INFORMATION SHOWN
☆ ☆ ☆

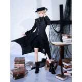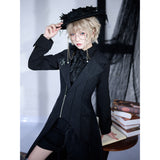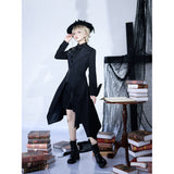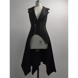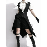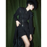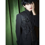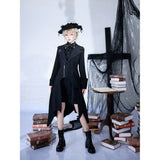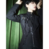 星々という宝石が散りばめられた、果てしなく続く闇の中。未知の知識と秘密が眠る漆黒の銀河のようなデザインのジップアップロングベスト。前後で丈感が異なるアシンメトリーなシルエット。中世の騎士が未来に舞い降りたようなモードなスタイル。
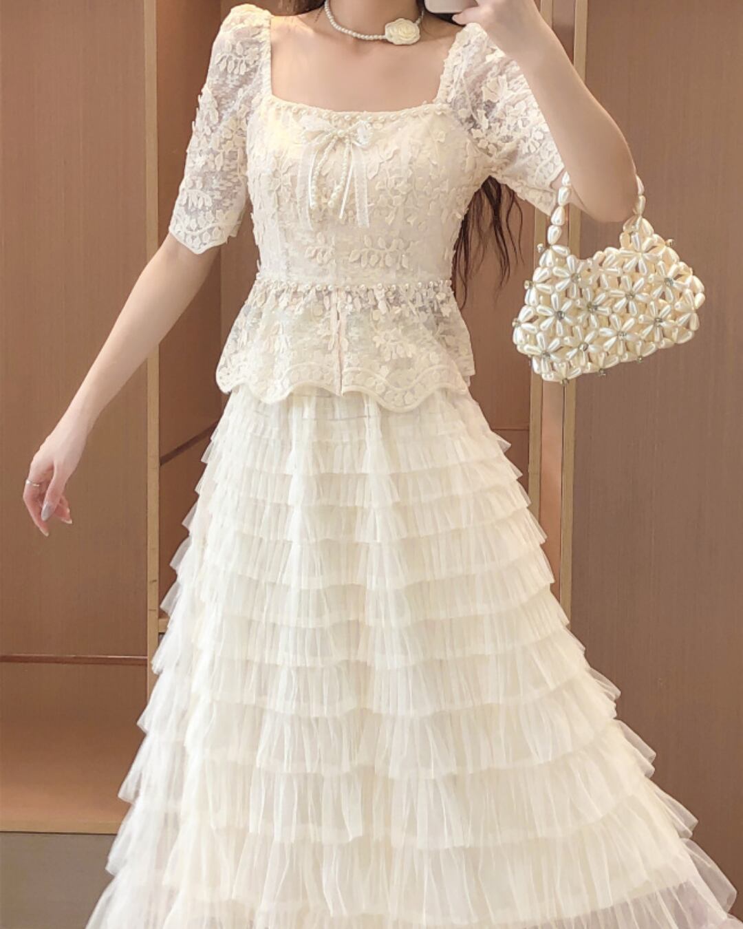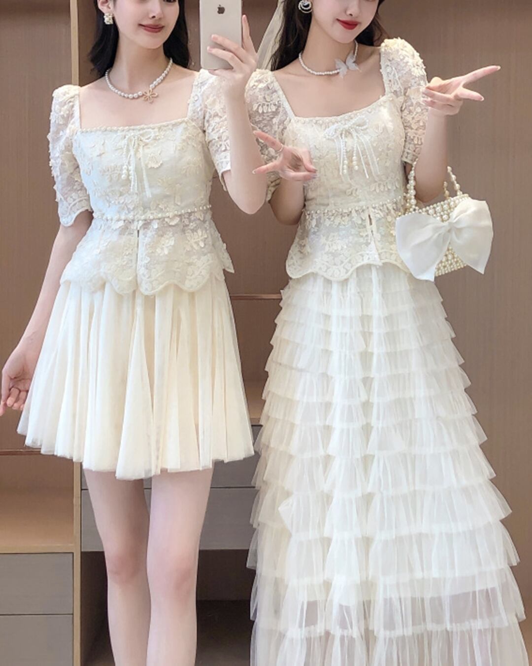 チュールが重ねられた華やかなスカートのセットアップ♡
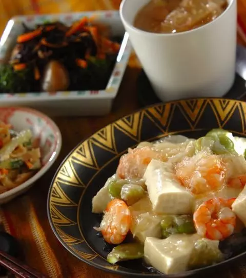 豆腐とエビ、それにソラ豆を加えたアッサリ塩炒め。
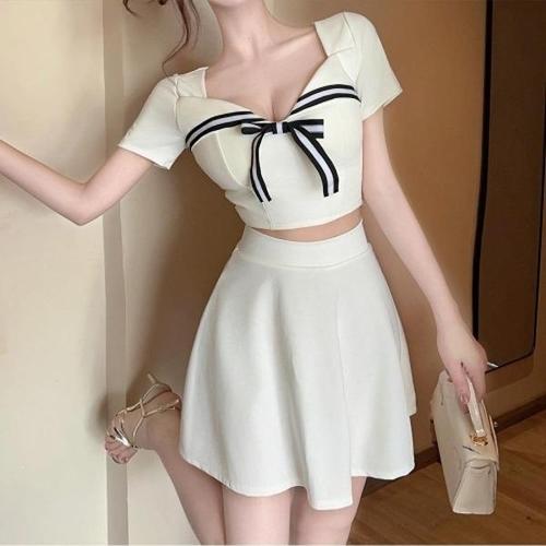 고품질 슬림라인 반팔 셔링퍼프 세라복세트(셔츠 타이 치마) (WFKJYXU)

☆ ☆ ☆

Images are to be left out; everything else in the material must be written out exactly.

ANSWER TO THE PROBLEM
 星々という宝石が散りばめられた、果てしなく続く闇の中。未知の知識と秘密が眠る漆黒の銀河のようなデザインのジップアップロングベスト。前後で丈感が異なるアシンメトリーなシルエット。中世の騎士が未来に舞い降りたようなモードなスタイル。
 チュールが重ねられた華やかなスカートのセットアップ♡
 豆腐とエビ、それにソラ豆を加えたアッサリ塩炒め。
 고품질 슬림라인 반팔 셔링퍼프 세라복세트(셔츠 타이 치마) (WFKJYXU)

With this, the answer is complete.